Thanks for the reference, Jon. I've found a number of texts to be helpful, 
including Allen Hatcher's Algebraic Topology, which is online and free. It was 
recommended by a professor named Wildberger who has a course on Youtube on the 
subject.

Having said that, there is precious little in Hatcher's text on the generation 
of topological spaces. In particular, there is little that explains how the 
greatest continuum of possible generators of dimensions such a space might be 
related--so that the dimensions would be vague. Do you know of works on 
topology where such a conception has been explored--because I've not found much 
that is helpful in sorting out the conception that Peirce seems to be holding 
up as a kind of limiting case of vagueness and continuity with respect to how 
the dimensions might be understood in their generation and relations.

What is more, I don't see much of anything in the literature on the EG that 
uses the conception of a book of sheets to explore Peirce's suggestion. I think 
a model can be constructed that would illustrate the limiting case of a 
continuum of vague dimensions (i.e., sheets) and also help us to see how more 
definite dimension might be understood to evolve from it--as well as what is 
involved in such a model of the growth of more determinate dimensions from a 
vague continuum of sheets. For example, one of the ideas that might be explored 
is how sheets of interrogation might be pictured to evolve first--with 
relatively vague questions being scribed on such sheets in relations of 
different colors representing possibilities, and then later sheets of assertion 
and destination giving rise to hypotheses, etc.

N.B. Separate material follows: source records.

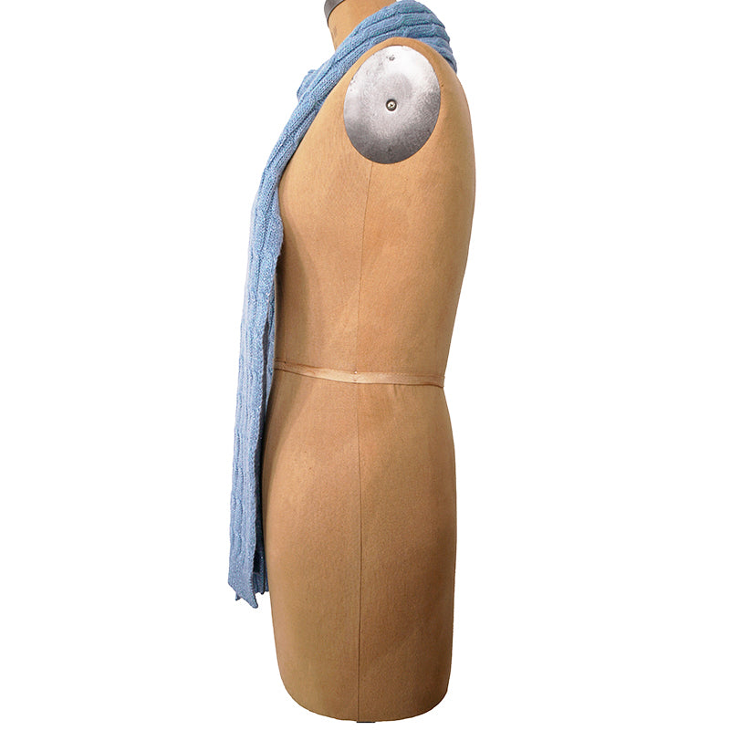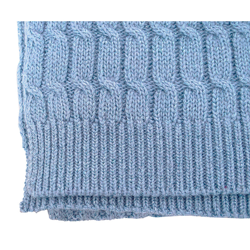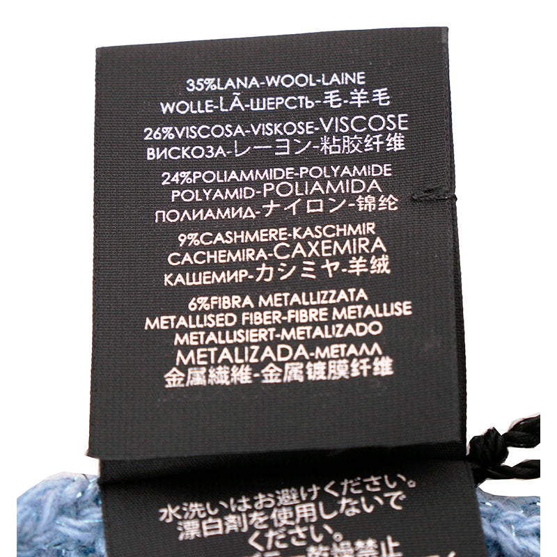 Authentic Gucci scarf in soft baby blue knit. Features a cable-weave design with subtle metallic thread woven throughout for a refined shimmer. Crafted from a luxurious blend of wool, viscose, polyamide, and cashmere with a hint of metallized fiber for a lightweight yet warm finish. Made in Italy. A timeless, elegant accessory that adds a touch of understated sophistication to any look.
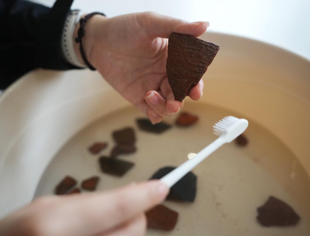 3月11日,在遼寧省朝陽市北票市的考古人員住所,考古人員在清洗調(diào)查現(xiàn)場發(fā)現(xiàn)的碎陶片。當日,來自遼寧省文物考古研究院的考古人員在遼寧省朝陽市雙塔區(qū)調(diào)查紅山文化遺址。此前,考古人員在遼寧省朝陽市凌源無白丁遺址群新發(fā)現(xiàn)多處紅山文化遺跡。新華社記者 李鋼 攝
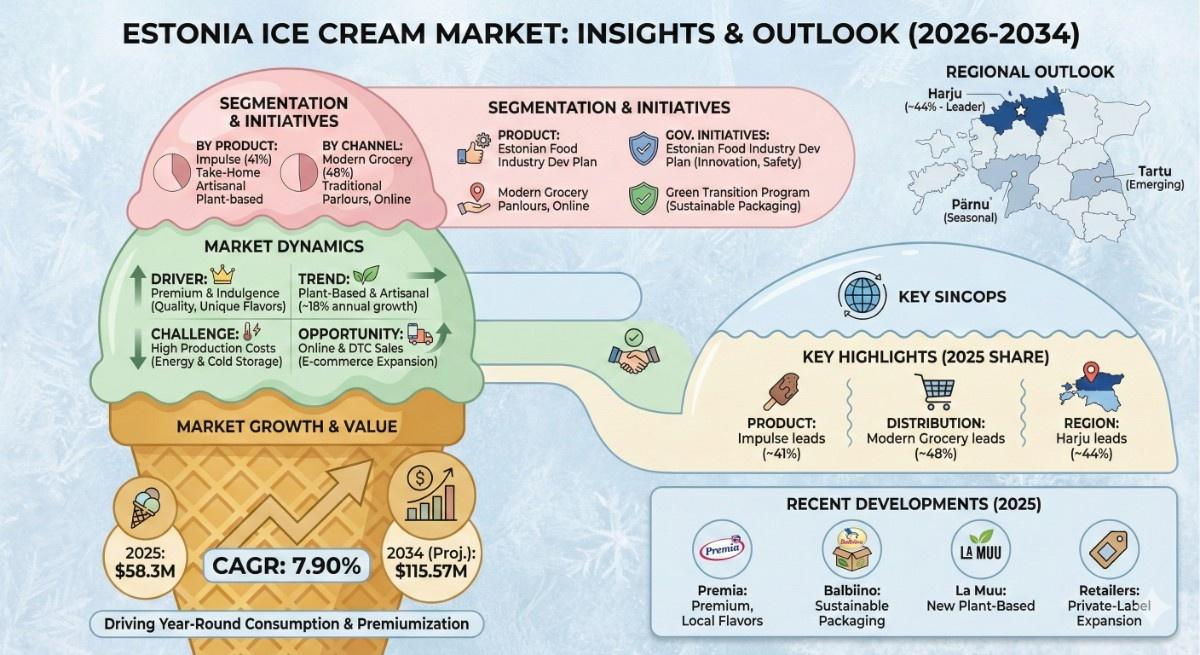 According to the latest report by The Report Cube, study Estonia Ice Cream Market is anticipated to register a CAGR of 7.90% during 2026-2034. The market size was valued at USD 58.3 million in 2025 and is projected to reach USD 115.57 million by 2034. This strong growth trajectory reflects changing consumer preferences toward indulgent desserts and premium frozen treats.
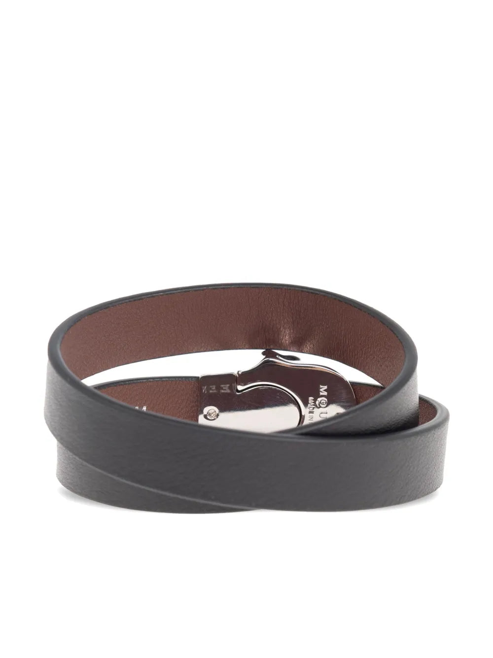 Expertly crafted with a sleek wraparound design, the Skull-Appliqué Bracelet features a smooth black grain finish. Elevate your style with this unique and stylish accessory, perfect for any occasion.
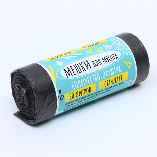 Цена за 2 шт. Мешки для мусора в рулоне UpakLand=60 л, черные, ПНД, толщина 15 мкм, 20 шт.
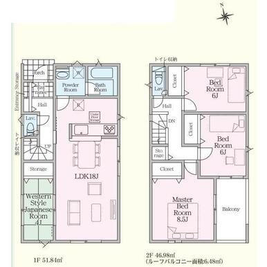 号棟番号:1号棟 角地緩和 法第22条区域 建物面積に別途ルーフバルコニー約6.48平米有り |
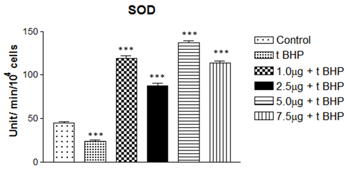 Fig.7: Effect of ethanolic AC leaf extract on SOD activity against t-BHP induced stress in primary rat hepatocytes. Cells treated with t-BHP alone were compared to control cells, whereas cells treated with plant extracts followed by t-BHP were compared to cells treated with t-BHP alone. Values are mean±SD (n=3).***P<0.001
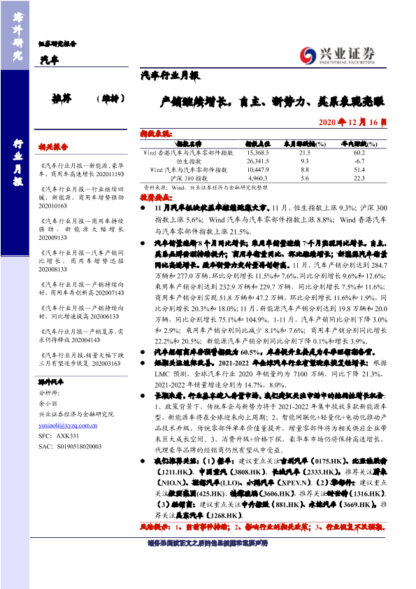 【兴业证券】【20201216】产销继续增长,自主、新势力、美系表现亮眼-13页
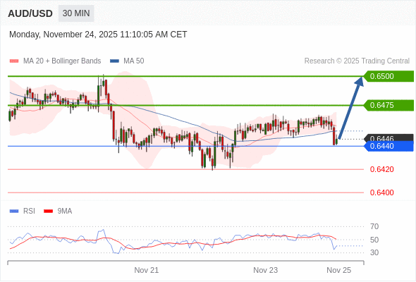 在 0.6440 之上,看涨,目标价位为 0.6475 ,然后为 0.6500 。
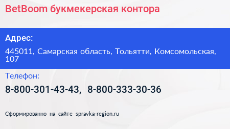 BetBoom, букмекерская контора по адресу 445011, Самарская область, Тольятти, Комсомольская, 107 в дальнейшем Организация, размещена в следующих категориях:
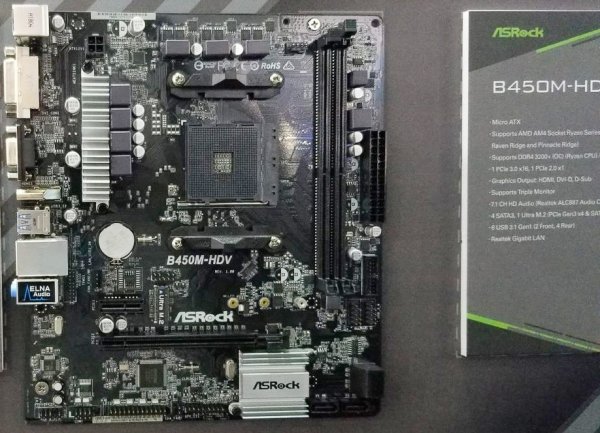Материнская плата ASRock B450M-HDV выполнена в форм-факторе Micro-ATX. Она представляет собой бюджетное решение с нестандартным нижним расположением микросхемы и радиатора чипсета, 4-контактным дополнительным разъёмом питания (ATX12V) вместо 8-контактного (EPS12V) и одним радиатором для транзисторов VRM вместо двух. Скромный арсенал прототипа B450M-HDV включает «4 + 3» фазы питания гнезда AM4, два разъёма для модулей памяти DIMM DDR4-2133/.../3200, единичные слоты для карт расширения PCI Express x16 и PCI Express x1, четыре порта SATA 6 Гбит/с и слот Ultra M.2 с пропускной способностью 32 Гбит/с.
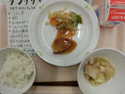今日の給食は、ごはん、牛乳、かつおの照り焼き、冬瓜と鶏肉の煮物、こんにゃくサラダです。
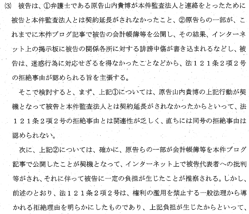 JARLは、弁護士である山内がJARLの監査法人と連絡をとったために契約延長がなされなかったから、開示を拒絶すると主張しました。ですが、裁判所は、関連性が乏しく開示を拒絶する理由にはならないと判断しました(判決文16頁)。
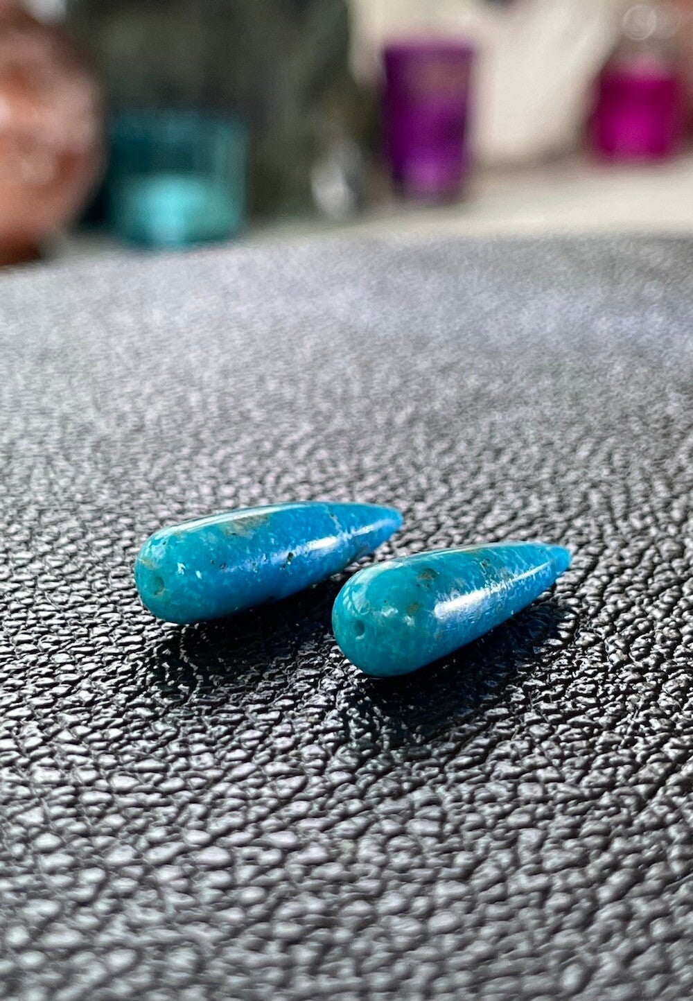 Arizona Turkoois edelstenen cabochon doorboorde druppels, per paar, set van 2, medium
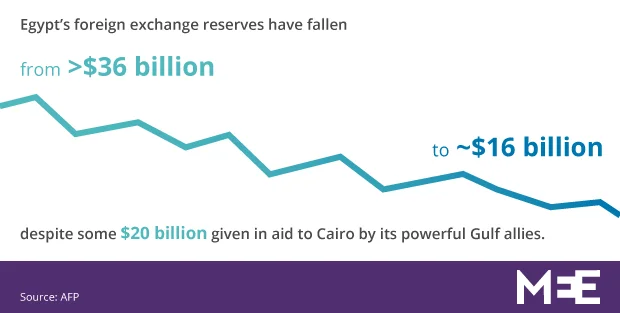 Egypt's foreign exchange reserves have fallen from more than $36bn in 2010 to about $16bn, despite some $20bn given in aid to Cairo by its powerful Gulf allies. Reserves have been rising for five months in a row but continue to be less than half their December 2010 level, Bloomberg reported.

If you know of such sources, please share them. Or, if you have ideas about how 
to construct such models in topology or in the EG, I would be interested to 
hear the suggestions.

--Jeff

Jeffrey Downard
Associate Professor
Department of Philosophy
Northern Arizona University
(o) 928 523-8354

From: Jon Awbrey [jawb...@att.net]
Sent: Wednesday, November 9, 2016 6:46 PM
To: Jeffrey Brian Downard
Cc: John F Sowa; Edwina Taborsky; peirce-l@list.iupui.edu
Subject: Re: Metaphysics and Nothing (was Peirce's Cosmology)

Jeff,

Topology is the most general study of geometric space.  It is critical here to 
get beyond the “popular” accounts and learn the basics from a real math book.  
A classic introduction is General Topology by J.L. Kelley but there are lots of 
equally good choices out there.

Jon

http://inquiryintoinquiry.com

> On Nov 9, 2016, at 6:34 PM, Jeffrey Brian Downard  
> wrote:
>
> John Sowa, Jon Awbrey, Edwina, List,
>
> I wanted to see if anyone have might suggestions for thinking about the 
> analogy between (1) mathematical models of the differentiation of spaces 
> starting with a vague continuum of undifferentiated dimensions and trending 
> towards spaces having determinate dimensions to (2) models for logic 
> involving similar sorts of dimensions?  How might we understand processes of 
> differentiation of dimensions in the case of logic?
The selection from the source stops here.